When that is not the case, we may run into errors.

When developing machine learning models, it is customary to work with three datasets:

**Training set**: Data on which we train the models.**Development set**(validation or hold-out set): Data used for tuning models.**Test set**: Data for evaluating the final performance of our model.

The development and test sets should be from the data distribution we will see in production.

- This is because we want to be optimizing performance in deployment (e.g., classification accuracy on dog images).
- The training data could potentially be from a different distribution (e.g., include other types of animal images).

We talk about distribution mismatch when the previously stated conditions don't hold, i.e. we have the following:

- Our dev and test sets are no longer representative.
- Our training set is too different from the dev set.

In order to diagnose mismatch problems between the training and dev sets, we may create a new dataset.

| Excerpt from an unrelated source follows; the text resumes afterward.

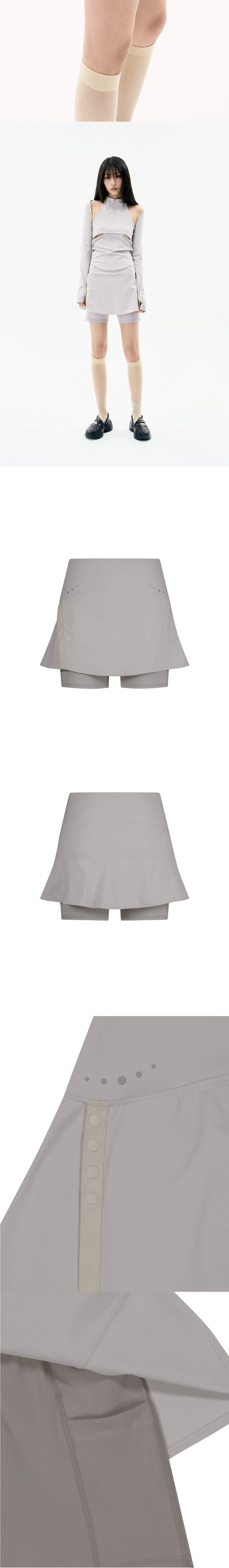 이너 쇼츠가 내장 된 스포츠 미니 스커트 | 미니기장감의 타이트 핏 | 4way 스트레치 레깅스 소재 사용으로 편안한 착용감 | UV차단 및 흡한속건의 creora® 소재사용 | 트임 디테일로 액티브한 활동성 제공 | 스냅 버튼을 통해 원하는 트임 양 조절 가능 | 쇼츠 기장감으로 페미닌한 실루엣 제공과 더불어 [Button Slit Leg Warmer] 와 조화로운 스타일링 가능 | 간단한 수납이 가능한 이너쇼츠 사이드 포켓 | 허리 양 사이드 그래픽 필름 디테일 * 동시즌 [Button Slit Leg Warmer]와 셋업 아이템 * Model is 168cm and wears size 1.

The **training dev set** is a random subset of the training set used as a second validation set.

We may use this new dataset to diagnose distribution mismatch. Suppose dev set error is high.

- If the training error is low, but training dev and standard dev errors are high, we are overfitting.
- If the training and training dev errors are low, but dev error are high, we have distribution mismatch.

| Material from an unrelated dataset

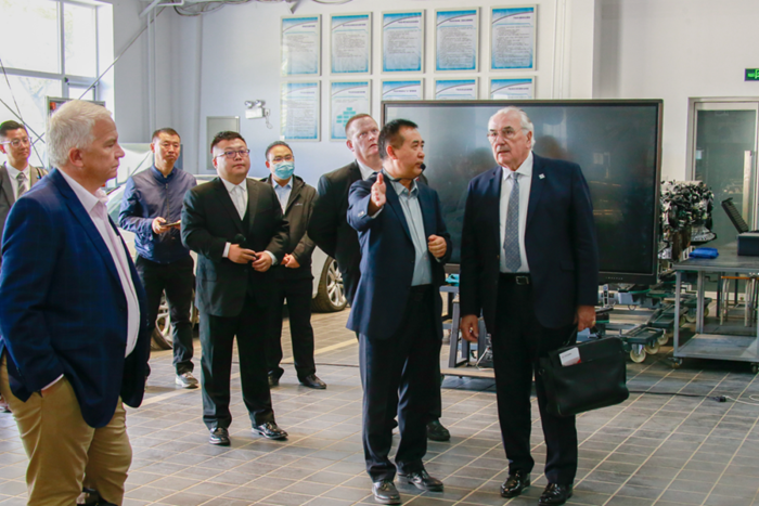 按照精心設(shè)計的接待路線,英國職業(yè)技能訪問團(tuán)一行先后來到學(xué)院數(shù)控車間、數(shù)控世賽基地、文物修復(fù)實訓(xùn)室等多個教學(xué)場所參觀。

As an example, suppose are building a cat image classifier.

- The training set consists of cats and other animals.
- The traning dev set also containts cats and other animals.
- The dev and test sets only contain cats.

Consider the following example:

- Our training set error is 2%.
- Our training dev set error is 6%.
- Our dev set error is 6%.

This is a typical example of **high variance** (overfitting).

Next, consider another example:

- Our training set error is 10%.
- Our training dev set error is 11%.
- Our dev set error is 12%.
- Human error is 1%.

This looks like an example of **high avoidable bias** (underfitting).

Finally, suppose you see the following:

- Our training set error is 4%.
- Our training dev set error is 5%.
- Our dev set error is 13%.

This is a model that is generalizing to the training dev set, but not the standard dev set. Distribution mismatch is a problem.

We may quantify this issue more precisely using the following decomposition.

\begin{align*} \text{dev error} & = (\underbrace{\text{dev error} - \text{dev train error}}_\text{distribution mismatch}) \\ & + (\underbrace{\text{dev train error} - \text{train error}}_\text{variance}) + (\underbrace{\text{train error} - \text{opt error}}_\text{avoidable bias}) \\ & + \underbrace{\text{opt error}}_\text{unavoidable bias} \end{align*}We may also apply this analysis to the dev and test sets to determine if they're stale.

- First, collect additional real-world data.
- If the model generalizes well the current dev and test sets but not the real-world data, the current data is stale!

Correcting data mismatch requires:

- Understanding the properties of the data that cause the mismatch.
- Removing mismatching data and adding data that matches better.

The best way to understand data mismatch is using error analysis.